━━━━━ PROVIDED RECORDS ━━━━━
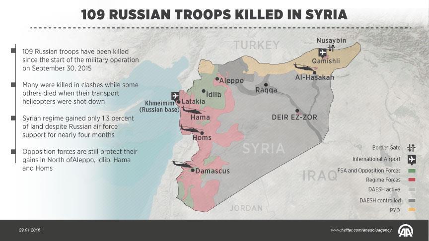 The sources told Anadolu Agency that 109 Russian troops have been killed since the start of the military operation on September 30, 2015. Many were killed in clashes while some others died when their transport helicopters were shot down, the sources said.
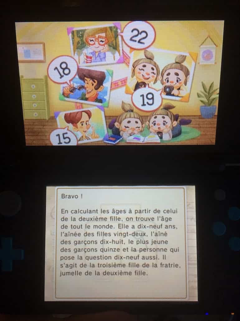 L’aventure Layton et la conspiration des millionnaires est un bon jeu. J’ai eu beau être frustré par moment, déçu de la façon dont sont amenées les énigmes il n’en reste pas moins agréable de les résoudre. Si je devais choisir de voir mon fils de 11 ans jouer à Pokemon ou avec Katrielle je n’hésiterais pas une seule seconde. Tandis que lui ferait des devoir de vacances sans même s’en rendre compte, elle est pas belle la vie ?
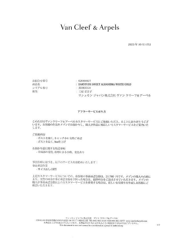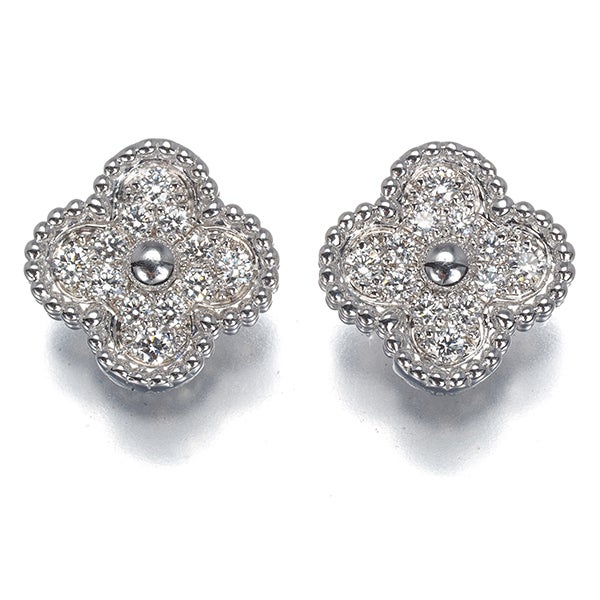 ヴァンクリーフ&アーペル ピアス ダイヤ ダイヤモンド スウィートアルハンブラ K18WG 保証書【中古】BLJ
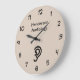 Modern Audiology Office waiting room wall decor clock with image of an ear and canal graphic and name space you can customise with the name of your hearing c enter company or Audiologist.
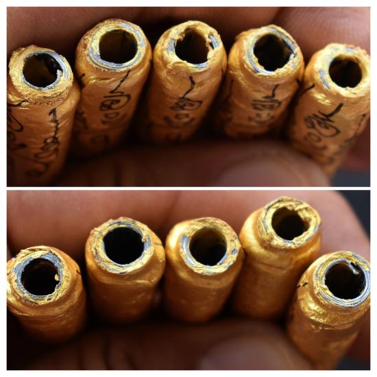 รายละเอียด ชุด 5 ดอก...ตะกรุดกาคาบทรัพย์ ปี 2554 หลวงปู่น้อย วัดบ่อหลวง จ.เพชรบุรี พร้อมซองเดิมจากวัด สภาพพระตามรูปทุกประการ ( ทาทองจารยันต์ ขนาดยาว 2 นิ้ว )
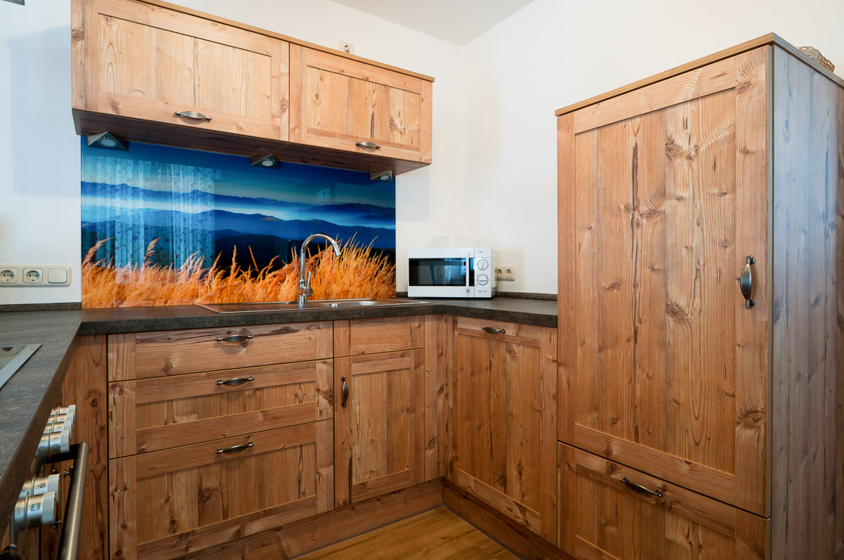 Ferienwohnung mit ca. 85 m² im Haus Kornkammer, Wohnzimmer mit Esstisch, Sofa und Zugang zur Terrasse, moderne und komplett ausgestattete Design-Küche, 1 Schlafzimmer mit erhöhtem Doppelbett, 1 barrierefreies Schlafzimmer mit erhöhtem Doppelbett, 1 Badezimmer mit Dusche und WC, 1 barrierefreies Badezimmer mit rollstuhltauglicher Dusche und WC, Fön und Kosmetikspiegel. Große Terrasse, Kabel TV, Radio, WLAN. Kostenlose Nutzung des Schwimmteichs, die Sauna ist gegen Gebühr für private Nutzung möglich. Parkplatz am Haus. Bitte haben Sie Verständnis, dass wir keine Tiere nehmen.
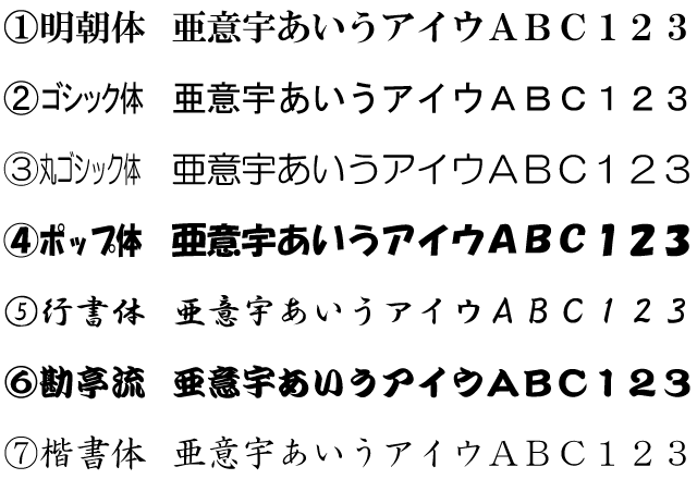 以下よりお選びください。特殊文字、ロゴ等ご使用の場合は、メールにてデータをお送りください。
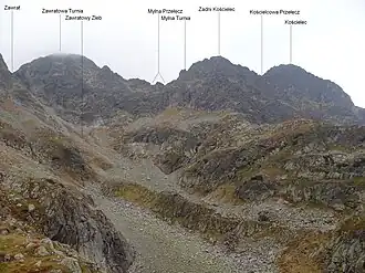Unterhalb des Gipfels liegen zwei Täler, die Dolina Zielona Gąsienicowa im Süden und Dolina Czarna Gąsienicowa in Norden.
━━━━━
YOUR INSTRUCTIONS:
Write out exactly, please, the lines that start at the one containing "以下よりお選びください。特殊" and run through the final line of the entries, both included, leaving pictures out.

THE COMPLETED TASK:
 以下よりお選びください。特殊文字、ロゴ等ご使用の場合は、メールにてデータをお送りください。
Unterhalb des Gipfels liegen zwei Täler, die Dolina Zielona Gąsienicowa im Süden und Dolina Czarna Gąsienicowa in Norden.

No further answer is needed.